24.8.07

Et il y eut un matin – Sayed Kashua

Un de mes plus grands plaisirs, depuis que je me suis lancé dans l’aventure de Cetalir, est la découverte de jeunes talents fort peu connus en nos contrées.

En voici un nouvel exemple en la personne de Sayed Kashua, jeune journaliste arabe et critique de cinéma pour un journal de Tel Aviv.

« Et il y eut un matin » nous conte la difficulté d’être arabe en territoire occupé, de dépendre de tout pour les Israéliens, de travailler comme arabe pour des employeurs juifs. Une économie de survie permanente où quand on vous fait l’aumône d’un boulot, il vous faut tout accepter, y compris et surtout, la discrimination négative pour paraphraser nos politiques locaux, celle qui apporte son lot permanent d’humiliation, de frustration.

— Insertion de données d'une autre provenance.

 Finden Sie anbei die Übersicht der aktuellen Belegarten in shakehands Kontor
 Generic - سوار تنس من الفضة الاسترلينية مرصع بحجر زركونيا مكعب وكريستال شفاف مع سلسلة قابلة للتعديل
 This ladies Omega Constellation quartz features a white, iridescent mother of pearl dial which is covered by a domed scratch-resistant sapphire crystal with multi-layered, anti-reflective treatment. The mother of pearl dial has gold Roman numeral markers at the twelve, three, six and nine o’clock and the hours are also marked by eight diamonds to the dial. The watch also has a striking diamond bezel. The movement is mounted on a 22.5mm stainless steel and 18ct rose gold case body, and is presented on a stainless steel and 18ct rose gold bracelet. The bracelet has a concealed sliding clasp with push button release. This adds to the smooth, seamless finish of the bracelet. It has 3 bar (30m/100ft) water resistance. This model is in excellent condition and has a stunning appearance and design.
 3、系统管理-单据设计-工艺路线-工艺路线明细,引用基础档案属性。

C’est aussi un beau roman pour comprendre comment l’économie palestinienne dépend étroitement des juifs d’Israël qui en contrôle l’approvisionnement en eau, en électricité, en essence, en nourriture ainsi que les banques… C’est aussi une fiction pour imaginer une paix, ardemment souhaitée mais hautement improbable, entre les ennemis jurés de la région et réaliser une belle étude sociologique sur les comportements entre arabes en situation de blocus militaire, dans un village assiégé par Tsahal et où la moindre tentative interprétée comme une volonté de fuir est immédiatement sanctionnée par un tir meurtrier sans sommation.

Sayed Kashua nous dépeint avec un indéniable talent ce soleil de plomb qui assomme le village, les techniques de survie quand plus rien ne fonctionne et que la haine, attisée par la jalousie, la soif et la faim, s’empare de ses voisins jusqu’à les pousser à vous vandaliser.

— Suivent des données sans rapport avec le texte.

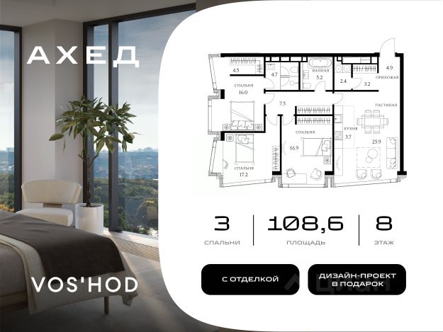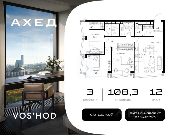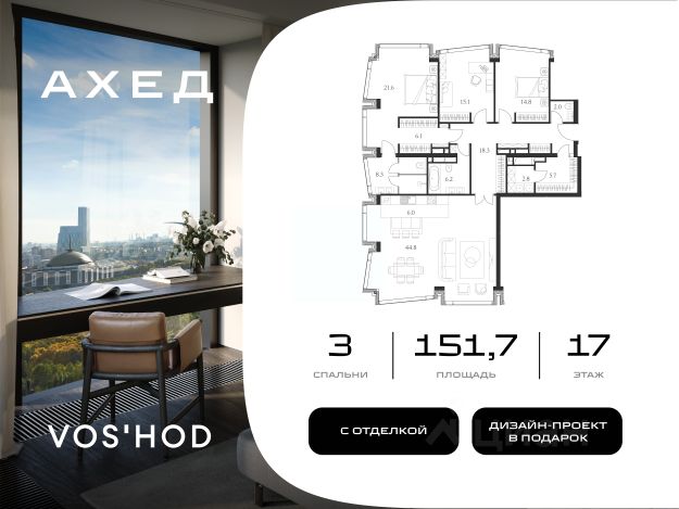 Успейте приобрести по выгодным условиям! Ahead это эксклюзивный проект в центре столицы, включающий всего 77 резиденций, что гарантирует приватность и комфорт для жильцов. Комплекс отличается авторской архитектурой от бюро "Цимайло Ляшенко и Партнёры", а из окон открываются панорамные виды на Парк Победы, Воробьёвы горы и Москва-Сити. Внутреннее пространство оформлено с особым вниманием к деталям: лобби создано студией UNK Interiors, а двор благоустроен в японском стиле с 58-метровым водопадом высотой 4,5 м и сосной "ниваки". Все резиденции предлагаются с отделкой White Box. При покупке ряда апартаментов владелец получает в качестве бонуса готовый дизайн-проект с рабочей документацией от известной студии дизайна BALCON, что в разы ускорит и упростит процесс превращения "белого листа" в продуманное и комфортное пространство для жизни. Для удобства жильцов на седьмом этаже расположен клубный этаж Sky Lobby, включающий Sky Social Club с панорамной террасой, фитнес-зону Air Fitness с кардиозоной и залом для йоги и пилатеса, а также коворкинг-трансформер с отдельной переговорной. В комплексе предусмотрен современный подземный паркинг с биометрическим контролем доступа, распознаванием госномеров и возможностью установки зарядок для электрокаров. На всей территории действует Wi-Fi. Расположение комплекса обеспечивает отличную транспортную доступность: до Москва-Сити и Киевского вокзала можно добраться за 10 минут на автомобиле, до инновационного центра Сколково — за 15 минут. Комплекс оснащён современными технологиями и системами безопасности, включая биометрический доступ по Face ID, умную систему управления домом, приточно-вытяжную вентиляцию, центральное кондиционирование и круглосуточный мониторинг. AHEAD — это пространство для комфортной жизни в сердце Москвы, где каждая деталь создана для благополучия жильцов. 3-комнатная квартира в новостройке на улице Василисы Кожиной в Москве.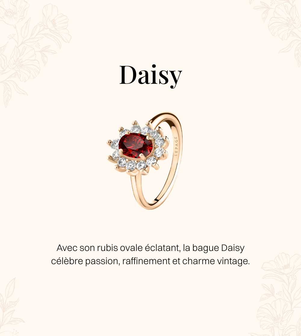 Dans l’écrin raffiné de la collection Suzanne, la bague Marguerite s’épanouit telle une fleur éternelle, façonnée par l’art joaillier. Son cœur précieux se pare tour à tour d’un diamant immaculé, éclat pur comme la lumière du matin, d’un saphir profond qui murmure la sérénité des ciels d’azur, d’une émeraude vibrante comme la promesse du printemps, ou d’un rubis ardent qui embrase l’âme de passion. Serties dans l’éclat argenté de l’or blanc, la chaleur de l'or jaune ou la douceur de l'or rose 750 millièmes, ces gemmes scintillent au milieu d’un halo de diamants, pétales de lumière qui subliment leur beauté. Chaque variante révèle une personnalité unique, mais toutes partagent le même charme intemporel, celui d’une fleur née du passé et réinventée pour la femme d’aujourd’hui, portant en elle la poésie, l’élégance et l’émotion des grands bijoux de tradition.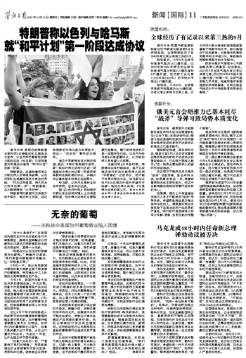 特朗普称以色列与哈马斯 就“和平计划”第一阶段达成协议
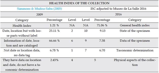 The current health index of the La Salle collection shows that its curatorship has improved. In 2009 the collection was arranged taxonomically, and today it is completely based on a catalog number system and numerically arranged. In the new method proposed here, specific aspects of the specimens were considered and not only general aspects that could cause a conflict when deciding the assignment of a curatorial level (Appendix 1). When analyzing each category separately, it is possible to see that not all categories are at the same level, which allows proposing management strategies and determining improvements for each category.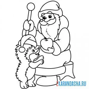 Дедушка Мороз поздравляет ежика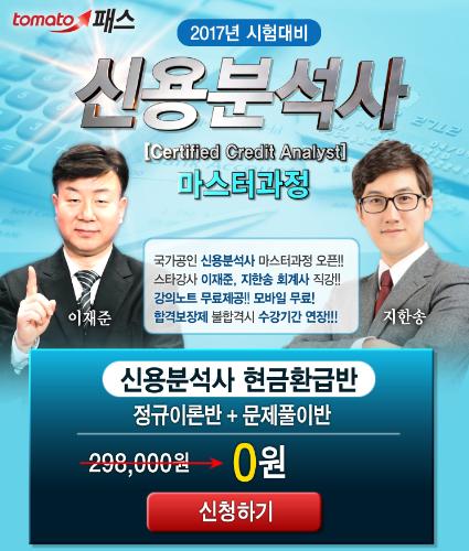 토마토패스 관계자에 따르면 "신용분석사 현금환급반은 스타강사 이재준, 지한송 회계사의 정규이론반과 문제풀이반으로 구성되었으며, 합격시 수강료를 현금으로 환급해주는 이벤트를 실시하고 있다. 불합격할 경우 수강기간을 연장해주는 합격보장제와 강의노트, 모바일수강을 무료로 제공한다."고 밝혔다.
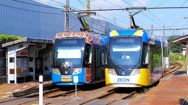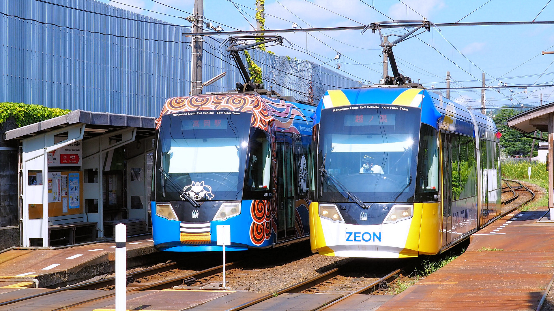万葉線 新湊港線六渡寺駅で行き違う1005と1001 2025/08/24 撮影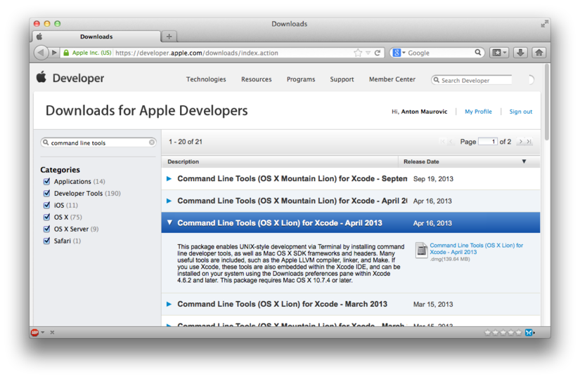 command line tools” to find the right one for your OS X version: -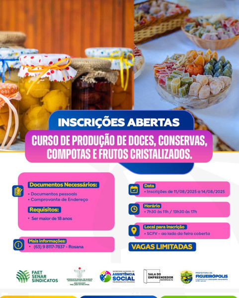 Estamos com inscrições abertas para o curso de Produção de doces, conservas, compotas e frutos cristalizados.🤩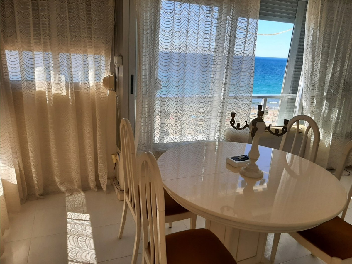 Apartment in Benidorm, 1st Line area, 126 m. surface, 10 m. from the beach, 2 double bedrooms, 3 bathrooms, property in good condition, equipped kitchen, interior wood carpentry, southeast orientation, ceramic, aluminum exterior carpentry. Electric shutters. ~ Extras: water, air conditioning, built-in wardrobes, pantry, corner, gallery, garden, bright, light, furniture, glazed terrace, trees, coast, first line, supermarkets, sea views, passage area, children's areas, parking included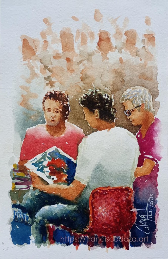 El segundo grupo estaba más cerca de mi, con los participantes muy juntos, lo que me llevó a optar por un formato vertical. Comencé por la silueta del joven de espaldas mostrando su trabajo a los demás o pintando directamente sobre su lienzo, y luego con los dos compañeros que lo acompañaban. El proceso siguió como en la primera: listas las siluetas, pasé a las pieles, después a los vestidos y la silla. El fondo se insinuó con figuras humanas difusas de pie, observando a las personas en la mesa.

C’est aussi une magnifique interrogation introspective sur le comportement à adopter en tant qu’homme, que mari, que journaliste quand on est un arabe talentueux et intelligent, qu’il n’y a pas de travail en Palestine et que seule l’intégration a minima dans la société hébraïque offre une forme de perspective.

Sans doute est-ce le prix à payer, conjugué à tous les temps, pour qu’à la fin « il y eut un matin », celui de la réconciliation et de la vie en bon voisinage.

Un livre indispensable à tout honnête homme qui veut comprendre plus de l’intérieur ce qui se passe à cinq heures de vol de chez nous.